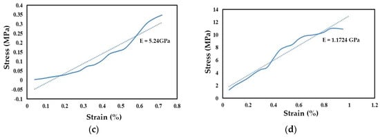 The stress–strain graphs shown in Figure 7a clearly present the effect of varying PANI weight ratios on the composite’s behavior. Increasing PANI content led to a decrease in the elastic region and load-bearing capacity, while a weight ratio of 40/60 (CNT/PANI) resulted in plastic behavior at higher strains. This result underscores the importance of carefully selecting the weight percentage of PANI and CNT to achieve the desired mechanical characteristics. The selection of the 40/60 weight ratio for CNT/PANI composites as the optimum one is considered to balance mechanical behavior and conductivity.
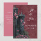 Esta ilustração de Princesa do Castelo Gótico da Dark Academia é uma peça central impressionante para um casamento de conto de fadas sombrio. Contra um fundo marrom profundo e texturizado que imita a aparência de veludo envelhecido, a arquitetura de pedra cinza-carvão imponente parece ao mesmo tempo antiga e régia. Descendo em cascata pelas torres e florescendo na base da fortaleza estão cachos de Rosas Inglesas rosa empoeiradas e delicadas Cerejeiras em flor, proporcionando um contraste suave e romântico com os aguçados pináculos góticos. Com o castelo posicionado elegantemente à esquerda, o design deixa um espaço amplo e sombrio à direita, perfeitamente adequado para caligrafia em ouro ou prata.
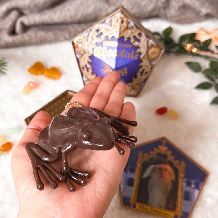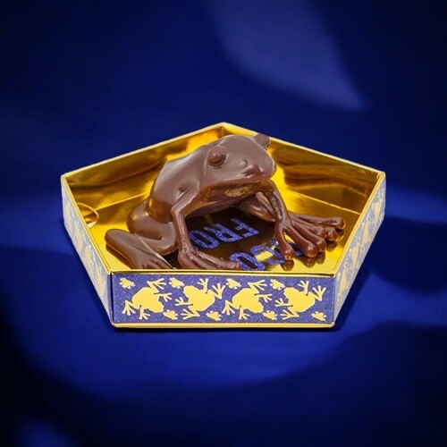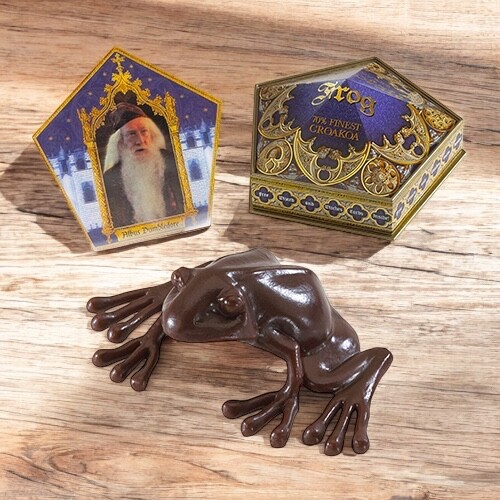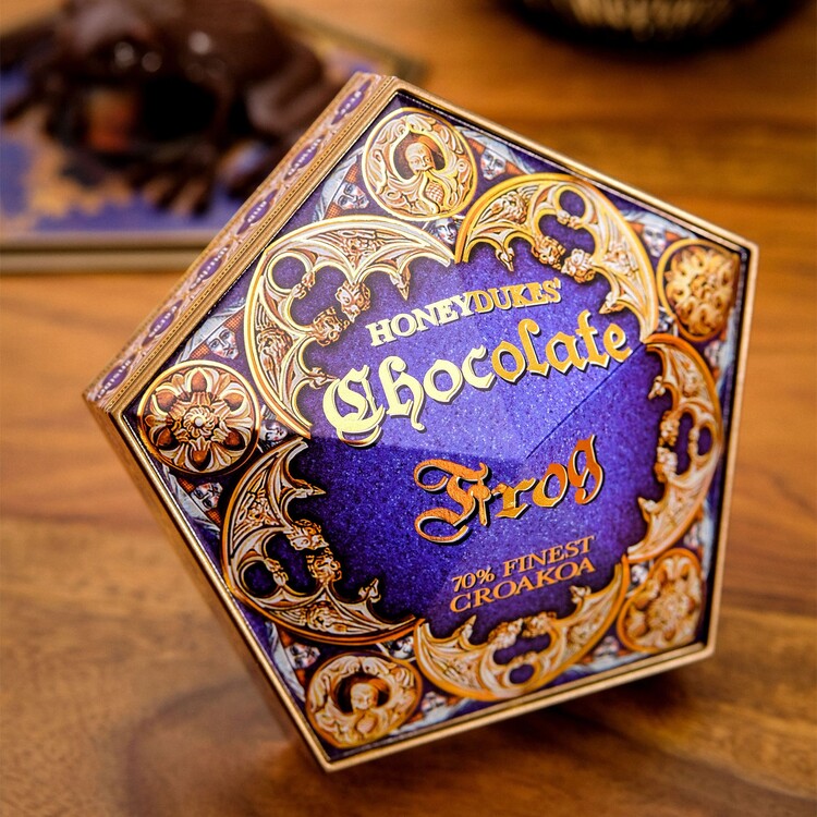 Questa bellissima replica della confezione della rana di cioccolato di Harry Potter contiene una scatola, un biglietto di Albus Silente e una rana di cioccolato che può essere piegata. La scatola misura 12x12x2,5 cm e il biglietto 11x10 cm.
○ ○ ○ ○
**DIRECTIONS:** Set down the data above word for word, leaving every picture out.

**RESPONSE FOR THIS EXERCISE:**
 The stress–strain graphs shown in Figure 7a clearly present the effect of varying PANI weight ratios on the composite’s behavior. Increasing PANI content led to a decrease in the elastic region and load-bearing capacity, while a weight ratio of 40/60 (CNT/PANI) resulted in plastic behavior at higher strains. This result underscores the importance of carefully selecting the weight percentage of PANI and CNT to achieve the desired mechanical characteristics. The selection of the 40/60 weight ratio for CNT/PANI composites as the optimum one is considered to balance mechanical behavior and conductivity.
 Esta ilustração de Princesa do Castelo Gótico da Dark Academia é uma peça central impressionante para um casamento de conto de fadas sombrio. Contra um fundo marrom profundo e texturizado que imita a aparência de veludo envelhecido, a arquitetura de pedra cinza-carvão imponente parece ao mesmo tempo antiga e régia. Descendo em cascata pelas torres e florescendo na base da fortaleza estão cachos de Rosas Inglesas rosa empoeiradas e delicadas Cerejeiras em flor, proporcionando um contraste suave e romântico com os aguçados pináculos góticos. Com o castelo posicionado elegantemente à esquerda, o design deixa um espaço amplo e sombrio à direita, perfeitamente adequado para caligrafia em ouro ou prata.
 Questa bellissima replica della confezione della rana di cioccolato di Harry Potter contiene una scatola, un biglietto di Albus Silente e una rana di cioccolato che può essere piegata. La scatola misura 12x12x2,5 cm e il biglietto 11x10 cm.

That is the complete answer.